Авторы таких текстов наивно думают, что их тексты очень «сложные», требующие особого ума для их интерпретации. На самом же деле наоборот – это тексты самые примитивные, основанные на «автоматизме» речи, как у психически больного, и «интерпретировать» их можно, только полностью отключив ум. Авторы таких текстов считают «поэзией» ассоциации между отдельными словами и выражениями. А на самом деле это антипоэзия, которая лишь паразитирует на нормальном человеческом языке, нагло разрушая его. Создатели «мусорных текстов» стремятся к «оригинальности» во что бы то ни стало, это их фетиш. Но стремление к оригинальности – это первый признак графомана, которому нечего сказать, и эту внутреннюю пустоту он пытается заменить внешним эффектом. А поэт не стремится к «оригинальности», он стремится к красоте. Хороший стих всегда похож на какой-то другой, он даже может быть прямым подражанием – для поэзии «оригинальность» вообще безразлична. Абсолютно оригинален только бессмысленный набор слов.
Относительно И. Бродского следует сказать, что он на самом деле имел поэтический талант, и у него есть пара десятков хороших стихотворений, а одно из них – «Сретенье» – даже можно включать в антологии православной поэзии. В нем есть, например, такая «классическая» строфа:
А было поведано старцу сему
о том, что увидит он смертную тьму
не прежде, чем Сына увидит Господня.
Свершилось. И старец промолвил: «Сегодня…
Сохранение классической формы стиха, точности и прозрачности речи уже само по себе создает поэтический эффект, даже если содержание текста стихотворения весьма тривиально. Это порождает массу «полуталантов», создающих так называемые «проходные тексты». Это не графомания, но и не настоящая поэзия. В отличие от «мусорщиков», эти авторы понимают, что такое поэзия и стремятся к ней, но не могут до неё дорасти по целому ряду причин. В первую очередь, из-за самой среды, в которой они выросли. Они выросли в среде таких же «полуталантов» и бессознательно им подражают. В этом отношении весьма характерно и то, что современные стихотворцы в «авторитеты» себе чаще всего выбирают не поэтов высокой классики из «золотого» или «серебряного» века, а поэтов советской эпохи – эпохи упадка и варваризации литературы. Это означает, что упадок и варваризация лишь продолжаются уже в наше время. И литературная критика, которая находится в еще большем упадке, чем сама литература, лишь поощряет это. Редакторы отделов поэзии в «толстых» журналах – это, как правило, бывшие графоманы, которые боятся настоящих поэтов и продвигают авторов своего же уровня.

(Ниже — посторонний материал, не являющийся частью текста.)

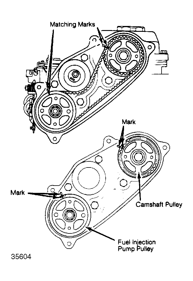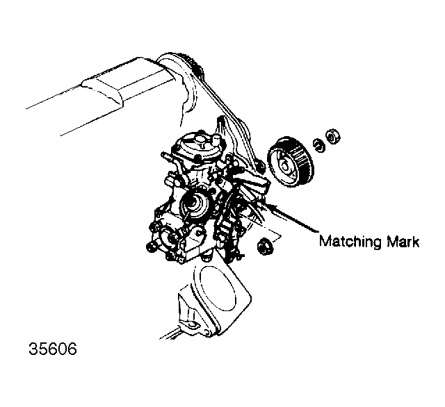 - Install pump pulley to injection pump shaft and align match marks. Hold pulley with 2 bolts and tighten lock nut to 43-51 ft. lbs. (60-70 N.m). Turn crankshaft to align match mark of camshaft pulley with mark on rear seal cover. See Figure . Loosen bolt tensioner lock nut, turn tensioner clockwise as far as possible and temporarily tighten lock nut.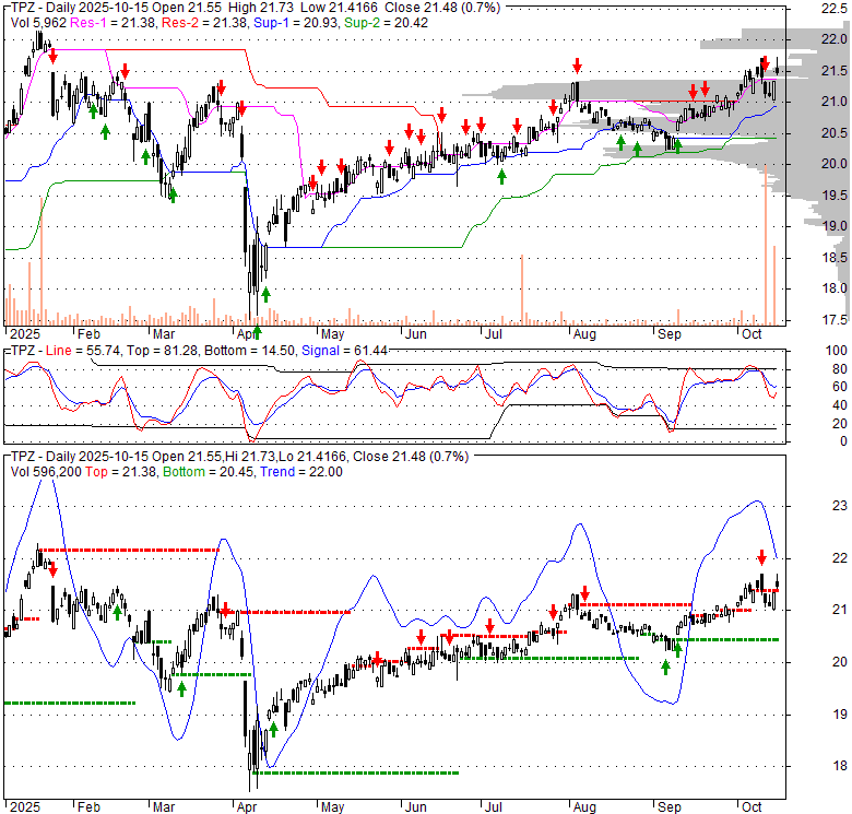 Price has closed above its short-term moving average. Short-term moving average is currently above mid-term; and above long-term moving average. From the relationship between price and moving averages: This stock is BULLISH in short-term; and BULLISH in mid-long term.[ TPZ ] has closed below upper band by 0.2%. Bollinger Bands are 22.6% wider than normal. The current width of the bands does not suggest anything about the future direction or movement of prices.
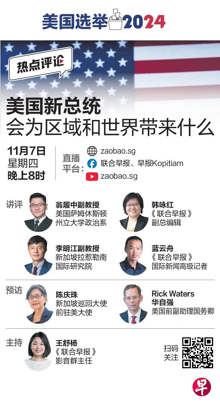 星期四(7日)晚间8时整,《联合早报》也将推出“热点评论”直播节目,请来美国萨姆休斯顿州立大学政治学者翁履中副教授、新加坡国际关系研究专家李明江副教授、早报副总编辑韩咏红和国际新闻高级记者蓝云舟,从多方角度剖析美国总统选举结果对区域和世界的影响。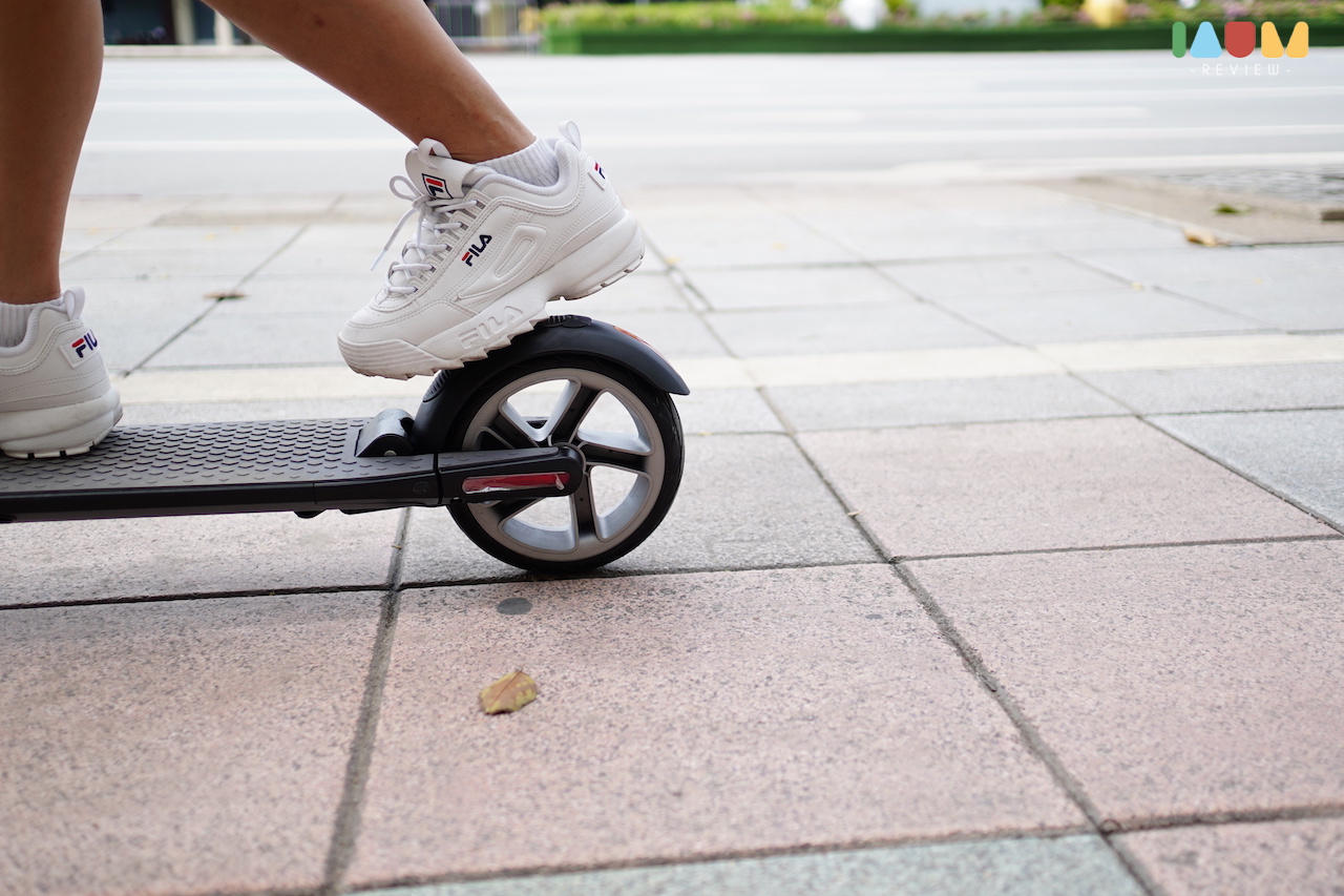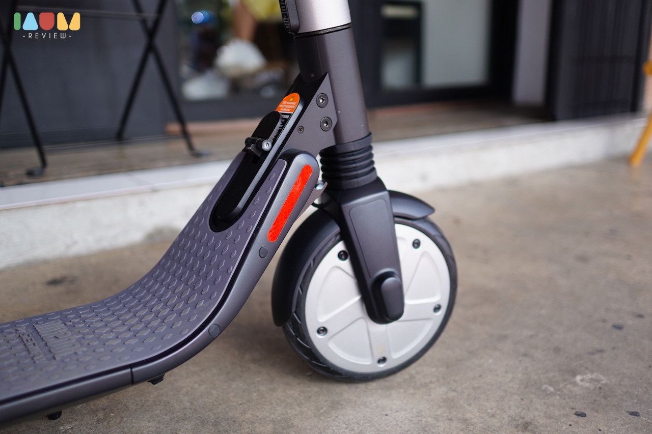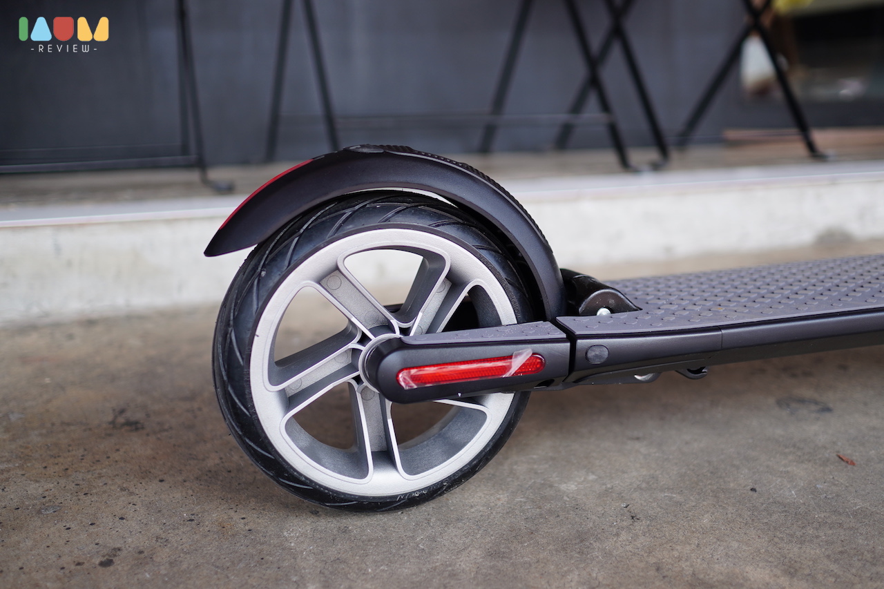 จากปัญหาเรื่องถนนขรุขระ บางที่การขี่สกู๊ตเตอร์ไฟฟ้าอาจจะไม่สะดวกนักในประเทศไทย แต่เจ้า KickScooter ตัวนี้ มากับล้อขนาดใหญ่ถึง 8 นิ้ว รวมถึงการใส่โช้คมาให้ ทั้งล้อหน้าและหลัง เมื่อเราใช้งานจริง จะรู้สึกได้เลยว่า มีความนุ่มนวลเวลาเจอหลุมเล็กๆ และทำให้เราวิ่งได้สมูธขึ้น เมื่อเจอทางที่ขรุขระ ดีขึ้นมากๆจริงๆ

Но самая главная причина недорастания до настоящей поэзии в наше время – деградация самого человека, утрата того глубинного религиозного духа, который был у наших предков, но уничтожен духовным геноцидом ХХ века. В классической статье «Когда же возродится великая русская поэзія?» И.А. Ильин писал, что русская поэзия возродится только на основе духовного и нравственного возрождения русского народа. Умирание литературы может смениться её воскресением – таков евангельский закон бытия.